If you are interested in different ways of reading CSV files from GitLab, especially using the python-gitlab package, I tried to illustrate them here

csv.reader
In [1]:
import csv, requests
from io import StringIO

url = "https://gitlab.com/datasets_a/mpg-data/-/raw/master/mpg.csv"
# Reading URL data
s = requests.get(url).content
# Decoding and formatting
csvdata = list(csv.reader(StringIO(s.decode('utf-8'))))
# Printing the first 5 rows
for row in csvdata[:5]:
    print(row)
['', 'manufacturer', 'model', 'displ', 'year', 'cyl', 'trans', 'drv', 'cty', 'hwy', 'fl', 'class']
['1', 'audi', 'a4', '1.8', '1999', '4', 'auto(l5)', 'f', '18', '29', 'p', 'compact']
['2', 'audi', 'a4', '1.8', '1999', '4', 'manual(m5)', 'f', '21', '29', 'p', 'compact']
['3', 'audi', 'a4', '2', '2008', '4', 'manual(m6)', 'f', '20', '31', 'p', 'compact']
['4', 'audi', 'a4', '2', '2008', '4', 'auto(av)', 'f', '21', '30', 'p', 'compact']
csv.DictReader

The data can also be read into a Python dictionary format using the csv.DictReader function.

In [2]:
dictdata = list(csv.DictReader(StringIO(s.decode('utf-8'))))
# Printing the first 2 rows
dictdata[:2]
Out[2]:
[{'': '1',
  'manufacturer': 'audi',
  'model': 'a4',
  'displ': '1.8',
  'year': '1999',
  'cyl': '4',
  'trans': 'auto(l5)',
  'drv': 'f',
  'cty': '18',
  'hwy': '29',
  'fl': 'p',
  'class': 'compact'},
 {'': '2',
  'manufacturer': 'audi',
  'model': 'a4',
  'displ': '1.8',
  'year': '1999',
  'cyl': '4',
  'trans': 'manual(m5)',
  'drv': 'f',
  'cty': '21',
  'hwy': '29',
  'fl': 'p',
  'class': 'compact'}]

[^top]

Writing a CSV file

csv.writer
In [3]:
filepath='../../files/py/007/mpg.csv'
In [4]:
with open(filepath,'w',newline='') as f:
    # Creating a csv writer object
    fwriter=csv.writer(f)
    # writing data
    fwriter.writerows(csvdata)


Screenshot of the output file:

output


In case, the fields and records are not available on one place, they can be written seperately.
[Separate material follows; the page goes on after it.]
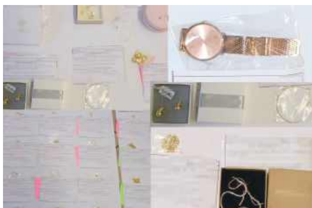
Policji udało się odzyskać część skradzionych przedmiotów. Sklep oszacował straty na blisko 120 tys. zł

48-latka z Puław za każdym razem wykorzystywała moment, gdy ekspedientka obsługiwała innych klientów. Usłyszała zarzut kradzieży. Grozi jej do 5 lat więzienia.
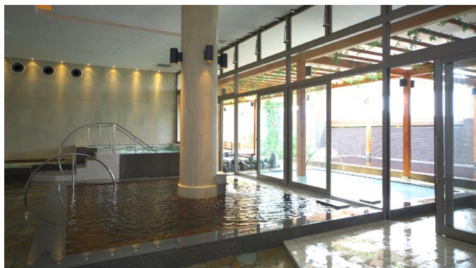
源泉掛け流し温泉

Let's seperate the fields and records from csvdata and write them to a file.

In [5]:
fields=csvdata[0] # The first element of the list
print(fields)
['', 'manufacturer', 'model', 'displ', 'year', 'cyl', 'trans', 'drv', 'cty', 'hwy', 'fl', 'class']
In [6]:
records=csvdata[1:] # This is rest of the data
#printing the first 5 records
for record in records[:5]:
    print(record)
['1', 'audi', 'a4', '1.8', '1999', '4', 'auto(l5)', 'f', '18', '29', 'p', 'compact']
['2', 'audi', 'a4', '1.8', '1999', '4', 'manual(m5)', 'f', '21', '29', 'p', 'compact']
['3', 'audi', 'a4', '2', '2008', '4', 'manual(m6)', 'f', '20', '31', 'p', 'compact']
['4', 'audi', 'a4', '2', '2008', '4', 'auto(av)', 'f', '21', '30', 'p', 'compact']
['5', 'audi', 'a4', '2.8', '1999', '6', 'auto(l5)', 'f', '16', '26', 'p', 'compact']
In [7]:
# Writing to a csv file
with open(filepath,'w',newline='') as f:
    # Creating a csv writer object
    fwriter=csv.writer(f)
    # Writing the fields
    fwriter.writerow(fields)
    # writing data (records)
    fwriter.writerows(records)


Screenshot of the output file:

output
csv.DictWriter

csv.DictWriter operates like a regular writer but maps dictionaries onto output rows.

In [8]:
fields=list(dictdata[0].keys())
print(fields)
['', 'manufacturer', 'model', 'displ', 'year', 'cyl', 'trans', 'drv', 'cty', 'hwy', 'fl', 'class']
In [9]:
with open(filepath,'w',newline='') as f:
    # Creating a csv DictWriter object
    fwriter=csv.DictWriter(f,fieldnames=fields)
    # Writing fields
    fwriter.writeheader()
    # writing records
    fwriter.writerows(dictdata)


Screenshot of the output file:

output

[^top]

Basic Data Analysis

In [10]:
import csv 

with open('../../files/py/007/mpg.csv') as csvfile:
    mpg = list(csv.DictReader(csvfile))
    
mpg[:2]
Out[10]:
[{'': '1',
  'manufacturer': 'audi',
  'model': 'a4',
  'displ': '1.8',
  'year': '1999',
  'cyl': '4',
  'trans': 'auto(l5)',
  'drv': 'f',
  'cty': '18',
  'hwy': '29',
  'fl': 'p',
  'class': 'compact'},
 {'': '2',
  'manufacturer': 'audi',
  'model': 'a4',
  'displ': '1.8',
  'year': '1999',
  'cyl': '4',
  'trans': 'manual(m5)',
  'drv': 'f',
  'cty': '21',
  'hwy': '29',
  'fl': 'p',
  'class': 'compact'}]


csv.DictReader has read in each row of our csv file as a dictionary. len shows that our list is comprised of 234 dictionaries.

In [11]:
len(mpg)
Out[11]:
234

*keys* gives us the column names of our csv.
In [12]:
mpg[0].keys()
Out[12]:
dict_keys(['', 'manufacturer', 'model', 'displ', 'year', 'cyl', 'trans', 'drv', 'cty', 'hwy', 'fl', 'class'])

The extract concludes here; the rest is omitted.